Phase is similar to Time Interval but with phase delay expressed as angle. This measurement assumes same nominal frequency on all measured inputs. At least N + 1 signal cycles are needed on each measurement input to get N Phase samples.

Figure 35. Phase measurement mode

During this measurement, the Analyzer estimates continuous Time Interval and clock Period and calculates Phase as following:

Phase= 360°×((Time Interval)/Period)


Time Interval=TSCH3-TSCH1Period= TSCH2-TSCH1

Resulting Phase values are normalized to always be in the range [-180° .. 360°].

2 input signals can be measured in parallel. Minimal sample interval is 50 ns. Up to 16 million samples total can be measured in a single measurement session.

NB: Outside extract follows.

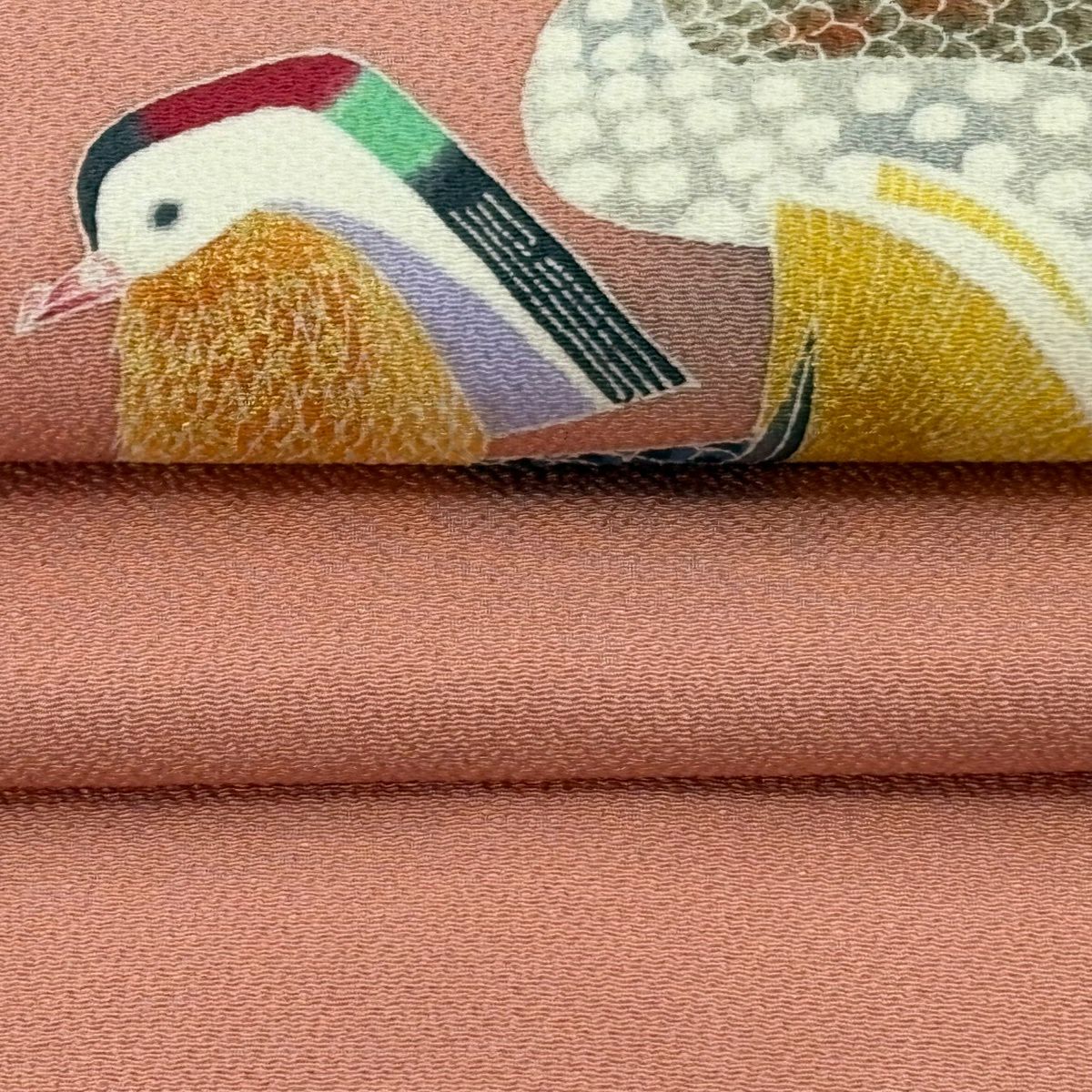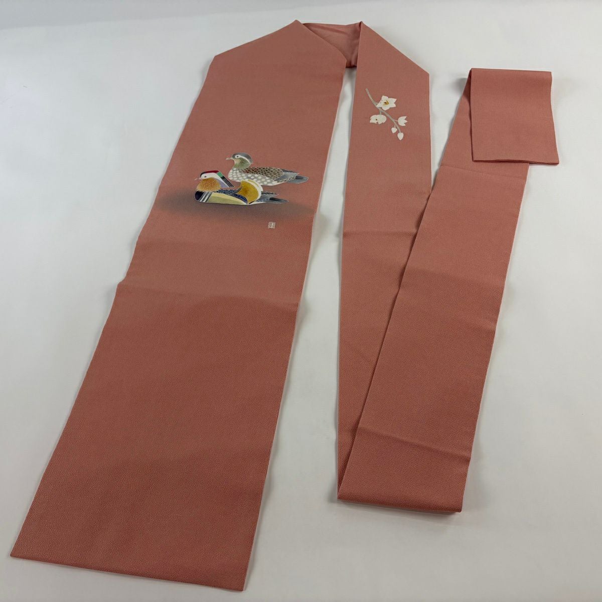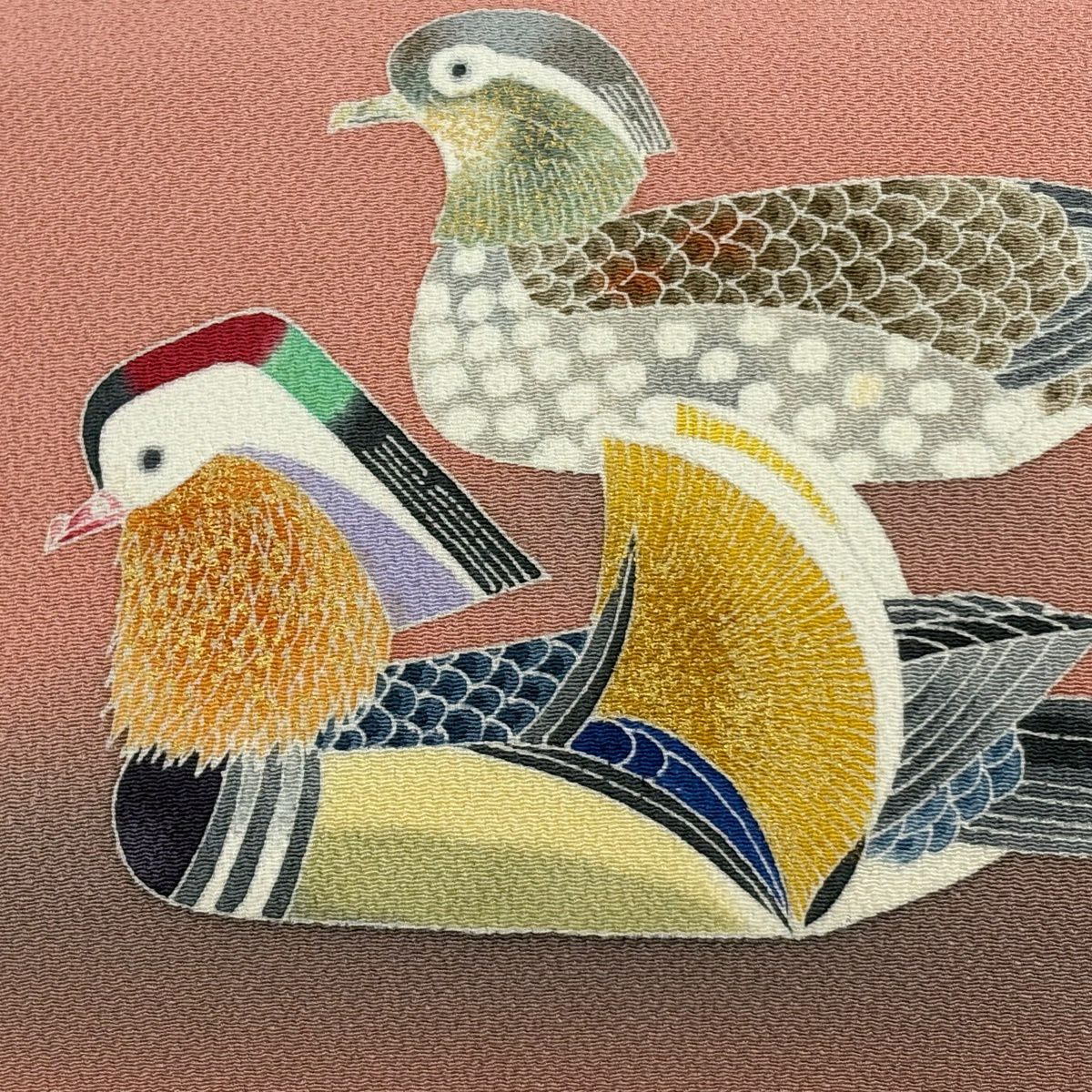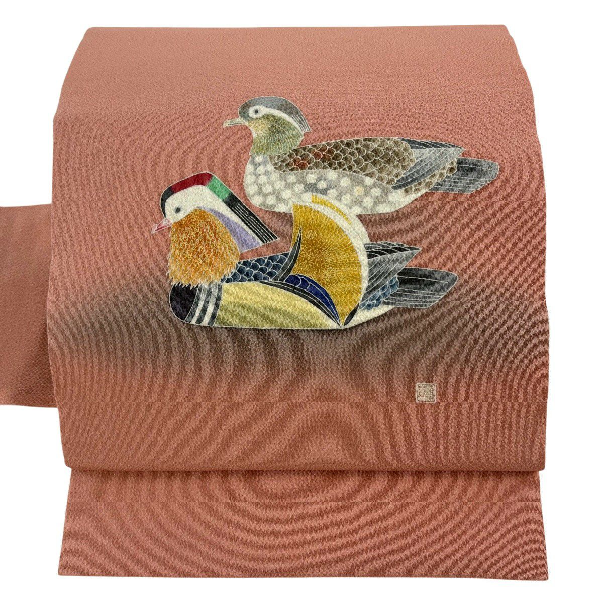 名古屋帯 逸品 羽田登喜 落款あり 鴛鴦 金彩 ぼかし サーモンピンク 正絹

The typical measurement case is to measure the phase shift in various electronic components or systems, for example, filters or amplifiers. In this case, the input A signal is the input signal to the filter/amplifier, and the input B signal is the output signal from the filter/amplifier. That means that the input A and B signals are typically sine waves, with exactly the same frequency per test point, and the phase should be constant with zero drift (per test point).

Another typical use case is to compare two ultra-stable signals from different sources, but with the same nominal frequency, and express their phase difference in degrees. Then the signal shape could be both sine or pulse, and there is a possibility for a small phase drift between the signals.